Start of DATASET
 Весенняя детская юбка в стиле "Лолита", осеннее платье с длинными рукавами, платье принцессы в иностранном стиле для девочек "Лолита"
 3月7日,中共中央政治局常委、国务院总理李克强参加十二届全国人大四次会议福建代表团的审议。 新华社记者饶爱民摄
End of DATASET
Start of DATASET
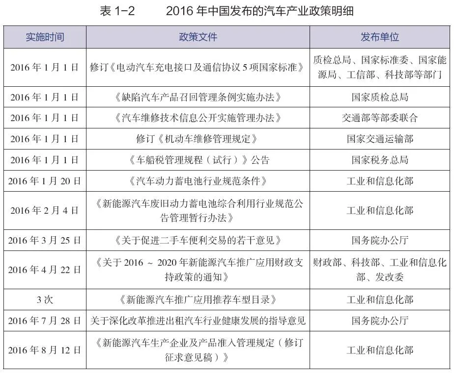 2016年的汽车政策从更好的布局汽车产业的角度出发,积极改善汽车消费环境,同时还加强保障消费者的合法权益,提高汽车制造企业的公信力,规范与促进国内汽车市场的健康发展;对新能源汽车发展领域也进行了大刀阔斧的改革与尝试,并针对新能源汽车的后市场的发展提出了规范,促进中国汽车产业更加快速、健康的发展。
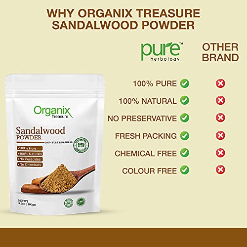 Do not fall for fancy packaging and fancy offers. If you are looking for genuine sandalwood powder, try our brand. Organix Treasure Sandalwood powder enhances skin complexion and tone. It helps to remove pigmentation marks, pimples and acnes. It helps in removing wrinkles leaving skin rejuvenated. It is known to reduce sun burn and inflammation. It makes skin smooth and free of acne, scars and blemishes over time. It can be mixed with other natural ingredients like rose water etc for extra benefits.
End of DATASET
▸ **EXERCISE GOAL**
Using the entries above, return exactly the lines from the line with "Весенняя детская юбка" to the line with "3月7日,中共中央政治局常委", counting both of those lines.

▸ **WRITTEN RESPONSE**
 Весенняя детская юбка в стиле "Лолита", осеннее платье с длинными рукавами, платье принцессы в иностранном стиле для девочек "Лолита"
 3月7日,中共中央政治局常委、国务院总理李克强参加十二届全国人大四次会议福建代表团的审议。 新华社记者饶爱民摄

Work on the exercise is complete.